Letztes Mal habe ich über den Schrein Mikami-jinja geschrieben, in dem Kummer ums Haar oder Haarwünsche gelöst oder erhört werden. Wenn man davon entlang den Pfad, der sich um den Fuß des Ogura Bergs windet, ungefähr 1,000 Meter nach Norden geht, findet man auf halber Höhe des Berges den bescheidenen Eingang zum Tempel Gioji und daneben den des Tempels Takiguchi-dera.
Der letztere hieß in der Heian Zeit (794-1185) Ojo-in und florierte als Trainingshalle für die Sutrarezitation. Aber er wurde in der Meiji Zeit (1868-1912) abgeschafft, wegen der Bewegung „Haibutsu-Kishaku“, die schon ich im Artikel 66 erwähnt habe. Als er in der Showa Zeit (1926-1989) wiederaufgebaut wurde, änderte man den Namen zu Takiguchi-dera. Also, woher stammt der Name Takiguchi?
Takiguchi ist der Name des Mannes Takiguchi-Nyudo, der in Frau Yokobue verliebt war. In der Heian Zeit, in der der Heiki Clan das Zepter führte, veranstaltete der damalige Machthaber Taira-no-Kiyomori eine Blütenschau in seiner Villa. Saito Tokiyori (später Takiguchi-Nyudo, Takiguchi ist der Name des Wachpostens, der im Norden des Palastes angelegt war) der als Wächter unter Kiyomoris Sohn arbeitete, war einer der 100 Teilnehmer.
Dabei tanzte Yokobue, ein Kammermädchen der Tochter von Kiyomori, zur Unterhaltung. Der Wächter Tokiyori war in Liebe für sie entbrannt, weil sie so schön war und so elegant getanzt hatte. Tokiyori, der ihre anmutige Erscheinung niemals vergessen konnte, schickte ihr unzählige leidenschaftliche Liebesbriefe. Obwohl viele Männer um Yokobue geworben haben, war sie wegen seiner unbeholfenen, aber zarten Briefe von ihm fasziniert.
Die zwei trafen sich zum Rendezvous. Tokiyori, der außer Yokobue niemand anderen heiraten wollte, bat seinen Vater um Verzeihung. Aber sein Vater missbilligte seine Heiratspläne mit ihr, weil sie von niedriger Herkunft war oder weil der Vater plante, durch die Heirat seines Sohns mit der mächtigen Fujiwara Familie Blutsbande knüpfen zu können.
Mit dieser absoluten Ablehnung kränkte ihn sein Vater tief. Tokiyori, der in Verzweiflung geraten war, entschloss sich, der Welt zu entsagen. Ohne es Yokobue mitzuteilen, trat er in den Ojo-in Orden ein, um von ihr loszukommen und nannte sich Takiguchi-Nyudo (Nyudo=Priester).
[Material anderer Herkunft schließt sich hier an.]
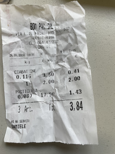 Non sono una cliente abituale, ci sono stata 3/4 volte, e la mia impressione è che se si è clienti sono simpaticissimi come ho letto in altre recensioni se non lo si è manca un po' di attenzione! Se un ciente entra e saluta sarebbe bello ricevere risposta e se non ti filano perchè stanno parlando tra di loro è ancora più fastidioso. Prodotti buoni ma sono abituata ad altri prezzi. Una crostatina 2 € è davvero tanto, considerando che al bar vicino costa 1,60 € ed è di pasticceria no all'ingrosso e più grande. Non so se non la fanno proprio o capita sempre a me che non abbiamo le rosette ma hanno solo ciabattine e va bene. 2 Ciambelline al vino e intendo due di numero 1,43 € mi pare un po' troppo. Al momento non mi convince molto ma proerò a tornare per provare a fugare...
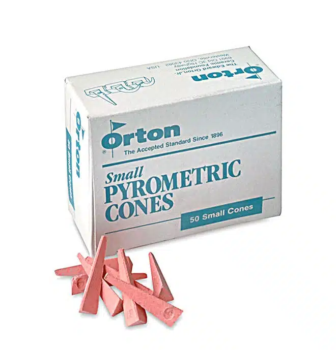 Orton cones zijn smeltkegels die onder invloed van warmte en tijd doorbuigen. Je kunt ze gebruiken om de temperatuur in je oven (op verschillende plekken) na te gaan. Cones worden genummerd van 022 (lage temperatuur) tot 42 (hoge temperatuur). Afhankelijk van hoe snel je een keramiekoven opstookt in graden per uur, zal een cone snel en veel of langzaam en weinig doorbuigen.
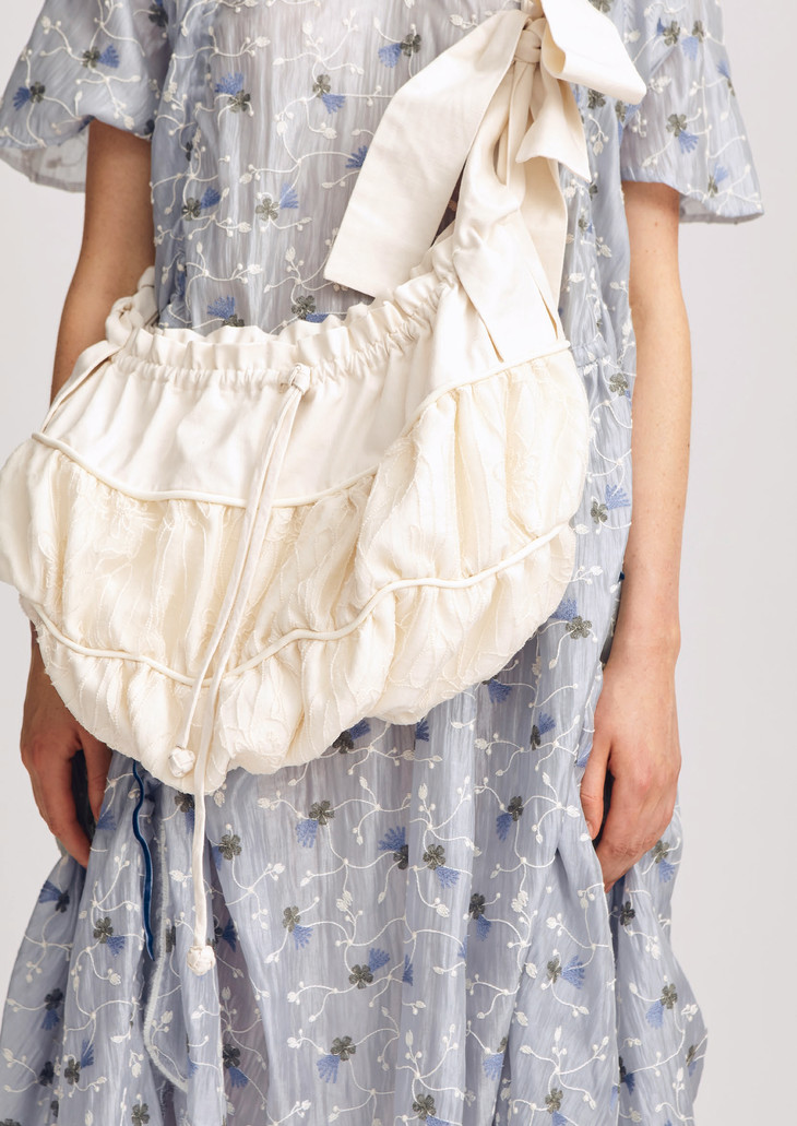 呼应本季主题「蓝鸟」,以鸟笼为灵感来源,用抽绳褶皱来呈现鸟笼的肌理。精致肌理的棉线刺绣丰富了层次感,搭配手工编织的绳结和球结,更添灵动。采用棉和亚麻混织面料制作,使包身富有自然的垂坠感,同时营造出纯净素雅的印象。
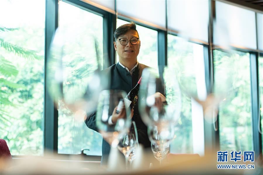 11月26日,澳門旅游學(xué)院教學(xué)餐廳的曾日升在餐廳內(nèi),他已經(jīng)工作了22年,主要負責處理餐廳事項及教導(dǎo)學(xué)生。 新華社記者 張金加 攝

Yokobue, die das Gerücht, dass er Priester geworden war, gehört hatte, besuchte beinahe alle Tempel in Kyoto. Endlich hörte sie seine Stimme der Rezitation in der Abenddämmerung außerhalb des Tempels Ojo-in. Yokobue sagte am Eingang: „Ist der Herr Saito Tokiyori da? Ich bin gekommen, um ihm meinen ernsthaften Willen mitzuteilen.“
Ihre abgemagerte Gestalt, die Tokiyori durch eine Mauerritze gesehen hatte, erschütterte seine Entscheidung, aber er ließ einen seiner Kollegen sagen: „Unter uns gibt es keine solche Person!“ Weinend fing sie an, umzukehren. Aber sie wollte ihm ihren Willen irgendwie mitteilen. Also schnitt sie sich in ihren Finger, damit sie auf einem gefundenen Stein mit ihrem Blut ein Waka-Gedicht schreiben konnte, dessen Inhalt folgender war. : „Wenn Tokiyori Priester geworden ist, möchte ich auch Nonne werden und ihm ewig folgen!“
Diesen Stein kann man auch heute auf dem Weg zum Takiguchi-dera finden.
Danach trat Yokobue in den Nonnentempel Hokke-ji in Nara ein oder warf sich, einer anderen Sage nach, in den Fluss Oigawa. Takiguchi-Nyudo zog vom Tempel Ojo-in in den Tempel Kongobu-ji auf dem Berg Koyasan. Nachdem er die Nachricht ihres Todes gehört hatte, konzentrierte er sich immer mehr auf die Askese und wurde endlich Hohepriester.